Uses of echocardiography
a. Wall thickness
b. Chamber / vessel dimensions
2. Myocardial Function
a. Wall motion
b. Fractional shortening
3. Valvular Disorders
a. Insufficiency / regurgitation
b. Vegetative or fibrotic lesions
c. Stenosis (very uncommon in horses)
4. Anatomical Disorders (Congenital or Acquired)
5. Contrast Echocardiography
a. Injection of microbubbles in saline, indocyanine green dye, or blood into the vasculature or heart to observe for shunting
Blood pressure measurements are probably underutilized in equine medicine. Although direct blood pressure measurements can be difficult to obtain in conscious horses, indirect measurements are relatively easy to obtain. The most common site used for obtaining an indirect blood pressure measurement is the base of the tail. It should be noted that the base of the tail is significantly higher than the base of the heart. Therefore, to be precise, the pressures obtained should be adjusted for the effect of gravity.

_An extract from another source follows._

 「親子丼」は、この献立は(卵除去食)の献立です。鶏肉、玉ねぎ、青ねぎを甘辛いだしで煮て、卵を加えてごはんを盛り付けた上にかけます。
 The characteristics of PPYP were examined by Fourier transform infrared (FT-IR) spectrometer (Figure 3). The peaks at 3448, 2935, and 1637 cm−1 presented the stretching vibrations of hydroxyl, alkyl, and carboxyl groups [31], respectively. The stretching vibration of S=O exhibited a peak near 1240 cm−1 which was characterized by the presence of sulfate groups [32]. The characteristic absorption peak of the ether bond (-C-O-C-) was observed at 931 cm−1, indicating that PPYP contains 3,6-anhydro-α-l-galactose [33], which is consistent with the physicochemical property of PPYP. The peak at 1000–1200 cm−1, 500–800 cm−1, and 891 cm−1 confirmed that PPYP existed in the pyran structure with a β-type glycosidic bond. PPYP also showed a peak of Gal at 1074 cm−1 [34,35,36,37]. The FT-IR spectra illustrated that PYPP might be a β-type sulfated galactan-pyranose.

Since the specific gravity of blood is about 1.050 to 1.060 and that of mercury about 13.6, a pressure of 1 mmHg should theoretically be added to or subtracted from the weight of the blood for every 13 mm (1.3cm) above or below the heart that the measurement is taken. However, many people use uncorrected tail cuff measurements in the horse. Since the actual pressure measured is not completely accurate by the indirect method, changes in blood pressure within the same individual are often more useful clinically than the actual pressure.
For indirect blood pressure measurement, the cuff size should be selected so that the width is 1/4 the circumference of the tail. For most adult horses, a 4.5-5.6 cm cuff is usually used for oscillometric devices, while a 10.6 cm cuff is used for ultrasonic flowmeters. Normal indirect blood pressures (unadjusted for height above or below the heart) have been reported as follows:
· Coccygeal artery pressure: 86 to 137 / 40 to 72 mmHg.

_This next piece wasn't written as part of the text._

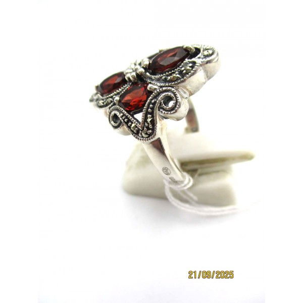 Bague de style rétro pour femmes, en argent 925, avec pierres de grenat et marcassites, diamètre 2?5 cm, mise à la taille gratuite. Livraison gratuite en France métropolitaine
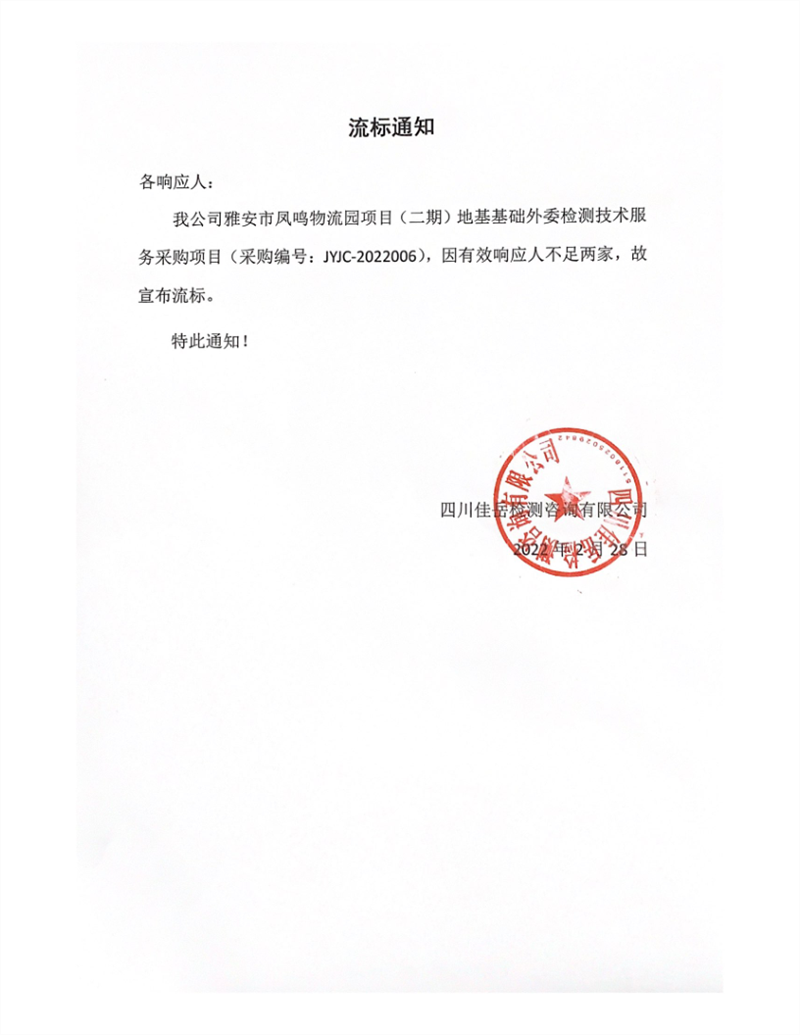 四川佳岳檢測咨詢有限公司雅安市鳳鳴物流園項目(二期)地基基礎外委檢測技術服務采購項目流標通知

· Median artery pressure: 144 to 194 / 108 to 150 mmHg.
Radiographic examination of the heart is limited in adult horses to lateral views. As such, radiographs of the heart are unrewarding. At best, they might give one an idea that the heart looks big. However, thoracic radiographs might be useful in a horse with cardiac disease to look for potential accompanying pulmonary changes, such as distention of pulmonary vasculature, pulmonary congestion or edema.
Both lateral and ventrodorsal thoracic radiographs can be taken in foals. Angiography can also be performed in foals for diagnosis of congenital heart disease. Angiography allows measurement of oxygen saturation and pressures in various chambers of the heart, pulmonary artery, aorta, etc. Contrast studies can also be performed. However, echocardiography is usually sufficient for diagnosis of congenital problems in foals.
Nuclear scintigraphy overcomes the physical limitations of radiographic contrast cardiography in adult large animals. However, similar to radiographic angiography, nuclear angiography is rarely used since echocardiography can usually adequately reveal a diagnosis and a prognosis.
Uses of nuclear angiocardiography
1. Identification of
a. Valvular dysfunction
b. Intracardiac shunts (ASD, VSD)
c. Extracardiac shunts (PDA)
d. Congestive heart failure (prolonged transit)
2. Measurement of
a. Cardiac output (indicator dilution principle)
b. Ejection fraction
c. Chamber volume
d. Valvular regurgitation fraction
e. Pulmonary/ systemic perfusion ratios.